This code was first created in the early 2000s during my time at Rackspace and was used as the production AAA system for our infrastructure. I am republishing now due to various requests I've received over the years to bring it back.
Note that I no longer run a production system and have no real means of testing this code. The code is old, and probably a bit messy, but it was working when I last used it. I assume that it still does.
For most folks, the Client and Server classes will be the only ones of interest. These will allow you to create a functional server and test it using the client. All of the other classes exist to support the Client and Server classes.
See the examples under the scripts/test_scripts directory.
AAA consists of 3 parts; authentication, authorization, and accounting. Within each of these functions there are various packet types that facilitate communication between a client and server. Classes have been defined to allow the creation of complete TACACS+ packets. Every packet will contain a header which is represented by the class TacacsPlus::TacacsHeader.

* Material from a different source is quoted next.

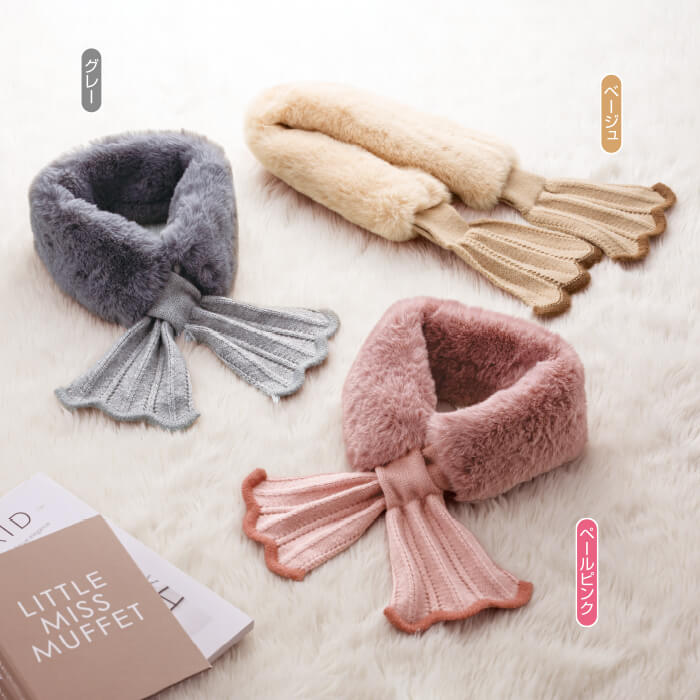 大人キレイなファー&ニットのつけ襟マフラー SG83

The body of each packet will be defined by one of the following classes:
- TacacsPlus::AuthenticationStart
- TacacsPlus::AuthenticationReply
- TacacsPlus::AuthenticationContinue
- TacacsPlus::AuthorizationRequest
- TacacsPlus::AuthorizationResponse
- TacacsPlus::AccountingRequest
- TacacsPlus::AccountingReply
Since many of the fields within the various packet types are interchangable with each other, I created a module for each packet field which is then mixed into the appropriate packets. Pay attention to the included modules for each packet class if you want to know which methods are available for use.